On the day after his visit to Maslennikoff, he again went to the prison to see her.
The inspector allowed him to speak to her, only not in the advocate’s room nor in the office, but in the women’s visiting-room. In spite of his kindness, the inspector was more reserved with Nekhludoff than hitherto.
An order for greater caution had apparently been sent, as a result of his conversation with Meslennikoff.
“You may see her,” the inspector said; “but please remember what I said as regards money. And as to her removal to the hospital, that his excellency wrote to me about, it can be done; the doctor would agree. Only she herself does not wish it. She says, ‘Much need have I to carry out the slops for the scurvy beggars.’ You don’t know what these people are, Prince,” he added.

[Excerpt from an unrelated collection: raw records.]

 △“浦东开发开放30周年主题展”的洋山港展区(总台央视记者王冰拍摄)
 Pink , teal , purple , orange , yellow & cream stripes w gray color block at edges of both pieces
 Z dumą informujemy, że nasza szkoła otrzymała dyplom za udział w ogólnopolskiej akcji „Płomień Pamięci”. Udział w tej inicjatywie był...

Nekhludoff did not reply, but asked to have the interview. The inspector called a jailer, whom Nekhludoff followed into the women’s visiting-room, where there was no one but Maslova waiting. She came from behind the grating, quiet and timid, close up to him, and said, without looking at him:
“Forgive me, Dmitri Ivanovitch, I spoke hastily the day before yesterday.”
“It is not for me to forgive you,” Nekhludoff began.

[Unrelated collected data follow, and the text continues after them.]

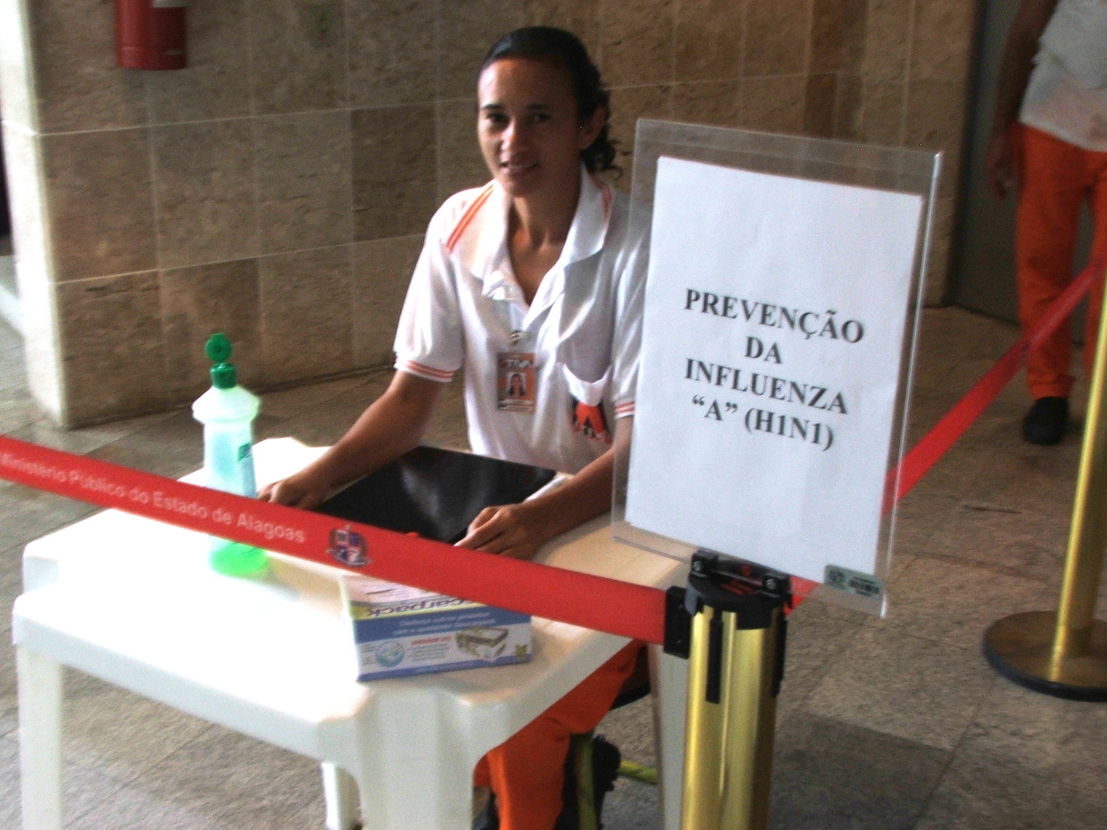 Vejo nas ruas em recepções de hospitais algumas pessoas usando máscara cirúrgica descartável, buscando evitar o contágio da gripe A (H1N1). Na sede do Ministério Público Estadual a campanha de prevenção é vista logo na recepção. Álcool para a limpeza das mãos e máscara cirúrgica para todos que circulam no MPE.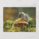 Small mouse sitting on a top of a mushroom postcard
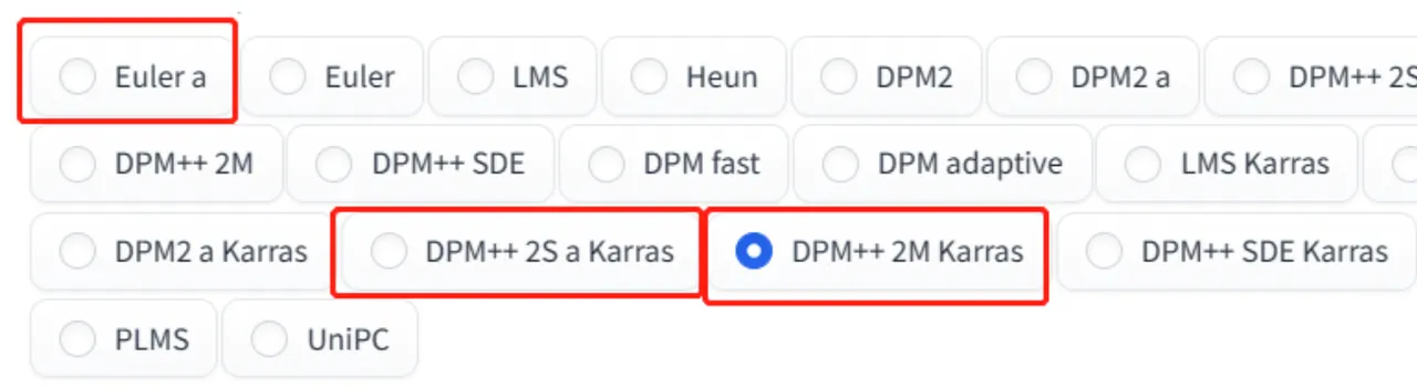 我们这里就选三个比较常用的采样器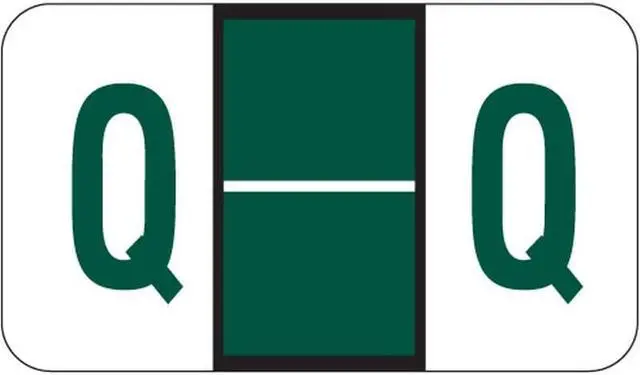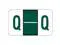 These POS Compatible "Q" Labels feature a wrap-around Dark Green bar with a horizontal White line and a Dark Green "Q" printed on a white background. Label Size: 1 5/8" W X 15/16" H, Before Folding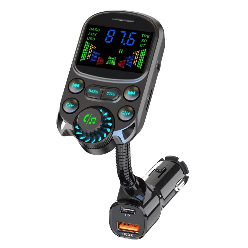 Bluetooth 5.3 Car FM Transmitter with PD & QC3.0 Quick Charging, Aux, and MP3 Player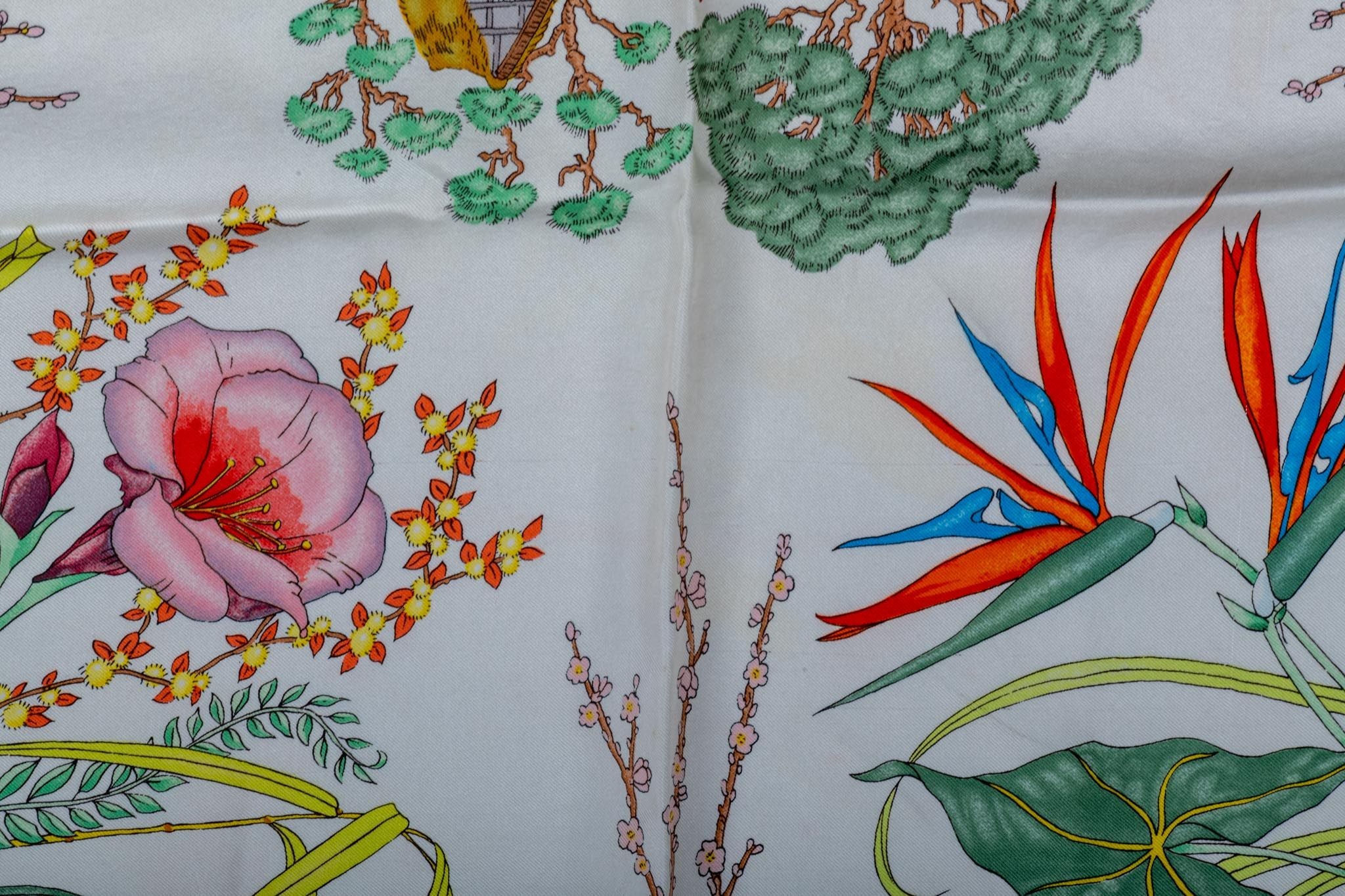 Gucci silk twill floral scarf. Hand rolled edges. Accornero design, highly collectible. Chinese vases design with flowers. Does not include box.

“But all the same, you must leave me,” she interrupted, and in the terribly squinting eyes with which she looked at him Nekhludoff read the former strained, angry expression.
“Why should I leave you?”
“So.”
“But why so?”
She again looked up, as it seemed to him, with the same angry look.
“Well, then, thus it is,” she said. “You must leave me. It is true what I am saying. I cannot. You just give it up altogether.”
Her lips trembled and she was silent for a moment. “It is true. I’d rather hang myself.”
Nekhludoff felt that in this refusal there was hatred and unforgiving resentment, but there was also something besides, something good. This confirmation of the refusal in cold blood at once quenched all the doubts in Nekhludoff’s bosom, and brought back the serious, triumphant emotion he had felt in relation to Katusha.
“Katusha, what I have said I will again repeat,” he uttered, very seriously. “I ask you to marry me. If you do not wish it, and for as long as you do not wish it, I shall only continue to follow you, and shall go where you are taken.”
“That is your business. I shall not say anything more,” she answered, and her lips began to tremble again.
He, too, was silent, feeling unable to speak.
“I shall now go to the country, and then to Petersburg,” he said, when he was quieter again. “I shall do my utmost to get your—- our case, I mean, reconsidered, and by the help of God the sentence may be revoked.”